Elsevier, 1995. 651 p. ISBN: 978-0-444-82232-1
The Handbook series Magnetic Materials is a continuation of the Handbook series Ferromagnetic Materials. The original aim of Peter Wohlfarth when he started the latter series was to combine new developments in magnetism with the achievements of earlier compilations of monographs, producing a worthy successor to Bozorth's classical and monumental book Ferromagnetism. This is the main reason that Ferromagnetic Materials was initially chosen as title for the Handbook series, although the latter aimed at giving a more complete cross-section of magnetism than Bozorth's
book.
Magnetism has seen an enormous expansion into a variety of different areas of research in the last few years, comprising the magnetism of several classes of novel materials that share with truly ferromagnetic materials only the presence of magnetic moments. For this reason the Editor and Publisher of this Handbook series have carefully reconsidered the title of the Handbook series and changed it into Magnetic Materials. It is with much pleasure that I can introduce to you now Volume 9 of this Handbook series.

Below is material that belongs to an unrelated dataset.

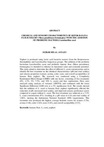 Yoghurt is produced using lactic acid bacteria starters from the Streptococcus thermophilus and Lactobacillus bulgaricus groups. The addition of the probiotic bacterium Lactobacillus casei and prebiotic banana flour (Musa paradisiaca formatypica) is intended to enhance its functional value and economic potential. This study aimed to determine the effect of different L. casei concentrations and to identify the best treatment on the chemical characteristics (pH and total acidity) and sensory properties (texture, aroma, color, taste, and overall acceptability) of banana flour yoghurt. The research was conducted using a Completely Randomized Block Design (CRBD) with one factor, consisting of five treatments (0%, 2.5%, 5%, 7.5%, and 10% L. casei) and four replications. Data were analyzed using analysis of variance (ANOVA) and continued with the Least Significant Difference (LSD) test at a 5% significance level. The results showed that the addition of L. casei to banana flour yoghurt significantly affected the reduction of pH, increased total acidity, and improved sensory preference scores compared to yogurt without L. casei. The best treatment was achieved at a 7.5% L. casei concentration (P3), resulting in a pH value of 4.16 and total acidity of 1.06%, meeting the Indonesian National Standard (SNI) requirements. This treatment also produced the highest average hedonic scores for texture (3.76), aroma (3.48), color (3.83), taste (3.03), and overall acceptability (3.53). Keywords: banana flour, L. casei, yoghurt Yogurt dibuat dengan bantuan starter bakteri asam laktat dari golongan Streptococcus thermophilus dan Lactobacillus bulgaricus. Penambahan bakteri probiotik Lactobacillus casei dan prebiotik tepung pisang kepok (Musa paradisiaca formatypica) digunakan untuk meningkatkan nilai fungsional serta nilai ekonomis produksinya. Penelitian ini bertujuan untuk mengetahui pengaruh penambahan konsentrasi L. casei yang berbeda serta menentukan perlakuan terbaik terhadap karakteristik kimia (pH dan total asam) dan sifat sensori (tekstur, aroma, warna, rasa, dan penerimaan keseluruhan) yogurt tepung pisang kepok. Penelitian disusun dengan metode Rancangan Acak Kelompok Lengkap (RAKL) satu faktor dengan lima perlakuan (0%, 2,5%, 5%, 7,5%, dan 10% L. casei) dan empat ulangan. Data dianalisis menggunakan sidik ragam (ANARA) dan dilanjutkan dengan uji Beda Nyata Terkecil (BNT) pada taraf 5%. Hasil penelitian menunjukkan bahwa yogurt tepung pisang kepok dengan penambahan L. casei berpengaruh nyata terhadap penurunan pH, peningkatan total asam, dan meningkatkan skor kesukaan sensori dibandingkan tanpa penambahan L. casei. Perlakuan terbaik diperoleh pada yogurt tepung pisang kepok konsentrasi L. casei 7,5% (P3) dengan nilai pH 4,16 dan total asam 1,06% sesuai syarat SNI, serta skor rata-rata hedonik tertinggi untuk tekstur (3,76), aroma (3,48), warna (3,83), rasa (3,03), dan penerimaan keseluruhan (3,53). Kata Kunci: L. casei, tepung pisang kepok, yogurt

The magnetism of the majority of metallic systems can adequately be described by the well known concepts of localised or itinerant moment magnetism. These traditional concepts are, however, not able to describe the magnetism of a fairly large class of materials generally indicated as heavy-fermion systems. The magnetism of these strongly correlated charge-carrier systems has developed from two different sources, the Kondo-impurity concept and the intermediate-valence concept. The last decade has seen a strong proliferation in experimental and theoretical studies of such systems. Progress made in this field by means of inelastic neutron scattering was described already in Chapter 6 of Volume 7 of the Handbook. A more general account of the magnetism of heavy-fermion systems is presented in Chapter 1 of the present Volume.
Towers of strengths to the understanding of the physics of magnetism are theory and experiment. In Volume 7 of the Handbook two different chapters were devoted to the former, emphasising results of electronic band structure calculations and their beneficial influence on the understanding of magnetism in many materials. As a counterweight, two novel experimental techniques will be described in the present Volume. The first one, Chapter 2, deals with muon spin rotation, the second one, Chapter 5, gives an account of the possibilities offered by photon beam spectroscopy. In both chapters it is shown how these sophisticated experimental methods can be used to obtain experimental information not easily obtainable by conventional experimental methods.

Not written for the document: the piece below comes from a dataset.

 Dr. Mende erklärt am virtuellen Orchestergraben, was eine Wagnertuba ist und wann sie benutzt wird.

Interstitially modified intermetallic compounds of rare earth and 3d elements are described in Chapter
3. These materials can be obtained from the pure intermetallics by filling some of the available interstitial hole sites in their crystal structure with carbon, nitrogen or hydrogen atoms. Though the drastic changes of magnetocrystalline anisotropy and magnetic couplings are of substantial fundamental interest, a large part of the Chapter is devoted to practical consequences as found in mode permanent magnet technology.
In one of the preceding volumes, Vol. 7, a major updating of the experimental results was presented for intermetallics in which rare earths are combined with 3d transition metals, while progress in ferrite research was presented in Vol.
8. Both groups of materials are fairly extensive, as are the many experimental results that have accumulated over the years. Of particular interest in these two groups of materials is the occurrence of field-induced phase transitions. These phase transitions are commonly treated in a rather phenomenological way, and at best, are described in terms of anisotropy and moment couplings. The last chapter of the present volume deals with the thermodynamic approach and shows how the understanding and description of these magnetic phase transitions can be considerably enriched.
Volume 9 of the Handbook on the Properties of Magnetic Materials, as the preceding volumes, has a dual purpose. As a textbook it is intended to be of assistance to those who wish to be introduced to a given topic in the field of magnetism without the need to read the vast amount of literature published. As a work of reference it is intended for scientists active in magnetism research. To this dual purpose, Volume 9 of the Handbook is composed of topical review articles written by leading authorities. In each of these articles an extensive description is given in graphical as well as in tabular form, much emphasis being placed on the discussion of the experimental material in the framework of physics, chemistry and material science.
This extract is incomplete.